Tuesday, September 23, 2008

Smilax laurifolia


Some of the plants I'm most proud of are apt to engender perplexity in some garden visitors. The several members of the genus Smilax which grow here are good examples. These are tough plants, not easily removed when they get in the way of horticultural or agricultural activity. Some are herbaceous, but most are thorny, more or less evergreen vining plants. Even in those forms in which the foliage does not survive the winter, the stems remain green and conspicuous.


Several of them form nearly impenetrable thickets, and several are prodigious vines. Another of these robustly vining sorts, Smilax smallii, was discussed in an earlier entry: http://mcwort.blogspot.com/2008/02/smilax-smallii.html
The subject of this entry is the biggest of the North American species, Smilax laurifolia. It goes right to the tops of trees and forms thick, trunk-like stems, bare of foliage sometimes for the first thirty or so feet. It's a stunning plant, nothing like anything else in our native flora. Surely there must be at least one Victorian writer who deemed it antediluvian. To me it looks like something from a tropical rain forest.

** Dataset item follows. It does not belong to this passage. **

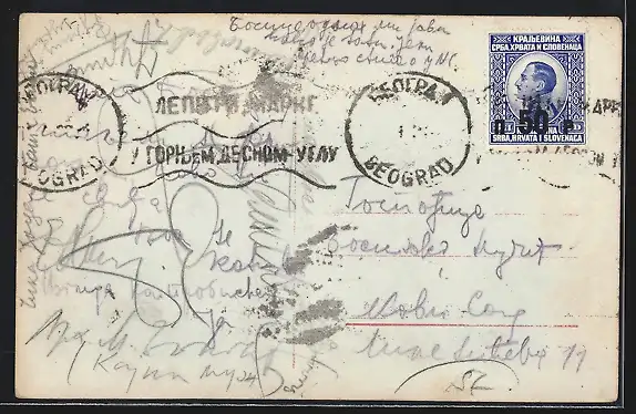 Personenbezogene Daten auf der Rückseite der Karte wurden durch blauen Textmarker unkenntlich gemacht. Die blauen Stellen sind auf die Vorderseite durchgeweicht und wirken sich negativ auf das Postkartenfoto aus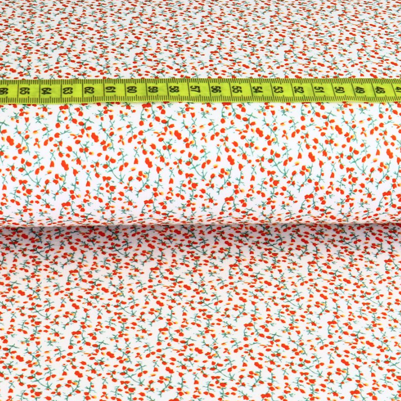 Jersey Mini Flowers Rot auf Weiß

Back in the early '90s Wayne and I were birding in far southern eastern Virginia shortly after a big storm had gone through the area. That storm was my friend: I had been trying to collect seed of this species for years, but the seed was always forty feet up in the trees. That day I was in luck: we found a big tree which had come down in the storm, and the tree was wreathed in Smilax laurifolia. And the Smilax was full of ripe fruit.


All the Smilax I've grown from seed have been very slow, and this species is no exception. Years after the seed was sown all I had to show for my efforts were tiny plants to be measured in inches. But they got better yearly, and three years ago they finally began to put on size. Now they put on about four feet yearly. The largest is being trained into position with the idea of letting it cover part of the deck railing.


This largest plant provided a surprise this year: it bloomed for the first time. It has yet to experience a really biting winter here. But in nature it ranges at least as far north as coastal New Jersey, so I'm expecting to do well in the long run.